Use our professional fidelity taxable equivalent yield calculator to accurately compare the after-tax yields of tax-free investments (like municipal bonds) with taxable investments. This tool is essential for any serious investor looking to optimize their portfolio based on their unique tax situation. The fidelity taxable equivalent yield calculator makes complex comparisons simple.


Enter the yield of the municipal or tax-free bond.
Please enter a valid, positive number.


Enter your combined federal and state marginal tax rate.
Please enter a valid tax rate (0-100).



Taxable Equivalent Yield
3.95%

Tax-Free Yield Input
3.00%

Marginal Tax Rate
24.00%

Tax Savings Advantage
0.95%

Formula: Taxable Equivalent Yield = Tax-Free Yield / (1 – Marginal Tax Rate)

Yield Comparison Chart

This chart dynamically compares the tax-free yield to the calculated taxable equivalent yield, illustrating the advantage of the tax-exempt investment.

Taxable Equivalent Yield at Different Tax Brackets


Marginal Tax Rate Taxable Equivalent Yield

The table shows how the taxable equivalent yield for a given tax-free yield changes across different marginal tax rates.
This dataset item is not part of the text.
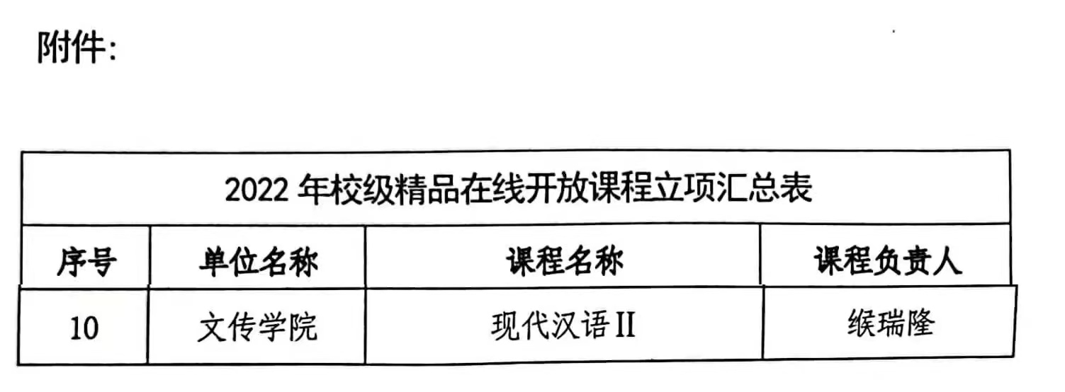 近日,点点官网下发通知,由我院缑瑞隆教授教学团队负责建设的在线课程《现代汉语II》获批立项成为点点官网2022校级精品在线开放课程。

A core function of any fidelity taxable equivalent yield calculator.

What is a Fidelity Taxable Equivalent Yield Calculator?

A fidelity taxable equivalent yield calculator is a financial tool designed to help investors make an apples-to-apples comparison between tax-free investments, like municipal bonds, and taxable investments, such as corporate bonds or high-yield savings accounts. Since the interest from municipal bonds is often exempt from federal (and sometimes state and local) taxes, their stated yield can’t be directly compared to the yield on a taxable bond. The fidelity taxable equivalent yield calculator solves this problem by showing you what yield a taxable bond would need to offer to match the after-tax return of the tax-free bond.

Essentially, this powerful calculator answers a critical question: “After accounting for taxes, which bond gives me a better return?” Without a fidelity taxable equivalent yield calculator, an investor might mistakenly choose a taxable bond with a higher stated yield, not realizing that taxes will consume a significant portion of that return, making the lower-yield tax-free bond the more profitable choice in the end. This is especially true for investors in higher tax brackets.

Who Should Use It?

This calculator is indispensable for high-income earners who are in higher marginal tax brackets. The higher your tax rate, the more valuable a tax-exempt investment becomes. It is also a vital tool for retirees, financial planners, and anyone building a fixed-income portfolio who wants to maximize their after-tax returns. Using a fidelity taxable equivalent yield calculator is a standard step in sophisticated bond analysis.

Common Misconceptions

A frequent mistake is assuming the bond with the highest advertised yield is always the best choice. This overlooks the significant impact of taxes. Another misconception is that municipal bonds are only for the ultra-wealthy. While the benefits are greater for those in high tax brackets, even investors in moderate brackets can find value, a fact easily demonstrated with a fidelity taxable equivalent yield calculator.

Fidelity Taxable Equivalent Yield Calculator: Formula and Mathematical Explanation

The calculation at the heart of the fidelity taxable equivalent yield calculator is straightforward but powerful. Its goal is to determine the pre-tax yield needed from a taxable investment to equal the yield of a tax-exempt one.

The formula is as follows:

Taxable Equivalent Yield = Tax-Free Municipal Bond Yield / (1 - Combined Marginal Tax Rate)

Step-by-Step Derivation:

  1. Start with After-Tax Yield: The goal is to make the after-tax yields of two bonds equal. The after-tax yield of a tax-free bond is simply its stated yield, as no taxes are due.
  2. Calculate Taxable Bond’s After-Tax Yield: For a taxable bond, the after-tax yield is: Taxable Yield * (1 - Marginal Tax Rate).
  3. Set Them Equal: To find the equivalent point, we set the two equal: Tax-Free Yield = Taxable Equivalent Yield * (1 - Marginal Tax Rate).
  4. Solve for Taxable Equivalent Yield: By dividing both sides by (1 - Marginal Tax Rate), we arrive at the final formula used by the fidelity taxable equivalent yield calculator.
Variable Meaning Unit Typical Range
Tax-Free Yield The stated annual yield of the tax-exempt bond. Percent (%) 1% – 6%
Marginal Tax Rate The combined federal, state, and local tax rate on your last dollar of income. Percent (%) 10% – 50%+
Taxable Equivalent Yield The calculated pre-tax yield a taxable bond needs to match the tax-free yield. Percent (%) 1% – 10%+

Understanding these variables is key to effectively using the fidelity taxable equivalent yield calculator.

Practical Examples (Real-World Use Cases)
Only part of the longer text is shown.